Differemce between transformer library and tokanization.py

WadeYin9712 / SentiBERT

Code for SentiBERT: A Transferable Transformer-Based Architecture for Compositional Sentiment Semantics (ACL'2020).

76 stars 15 forks source link

Differemce between transformer library and tokanization.py #6

Closed DeepakDhanasekar closed 4 years ago

DeepakDhanasekar commented 4 years ago

Hey,

I looked into the preprocessing python file and you have used a user defined pytorch_pretrained_bert.tokenization instead of using the huggingface library transformer.

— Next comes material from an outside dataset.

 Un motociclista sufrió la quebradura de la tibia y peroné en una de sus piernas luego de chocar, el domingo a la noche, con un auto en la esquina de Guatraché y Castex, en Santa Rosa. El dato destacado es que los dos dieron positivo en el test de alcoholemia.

Will i get the same result for sentiBERT if I use the below code:

from transformers import BertTokenizer

If not, could you tell me what is the difference between them?

Thanks!

WadeYin9712 commented 4 years ago

Hi, I'm not sure if there's a difference or not, but it may work as well since I think the tokenization results won't differ a lot. You can try to use 'from transformers import BertTokenizer' ;-). Thanks!

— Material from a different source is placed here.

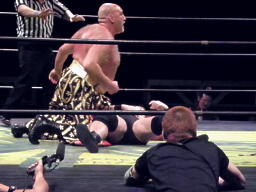 ポイズン蛇界ノクラズム(右写真)。ポイズン「決まったー!」と喜ぶ。そういえばいつもこの体勢には入るが決まったことはなかった気がする。ポイズンは松永にタッチ。

DeepakDhanasekar commented 4 years ago

Thank you for the input! I have another query: I am focusing on the twitter data and have generated the SST training epochs. Does the SentiBERT transferability occur during fine tuning?

WadeYin9712 commented 4 years ago

I think it's worth trying it ;) We used to test on Twitter, but we saw that the transferability may not be much on Twitter dataset. But you can still give it a try on Twitter dataset.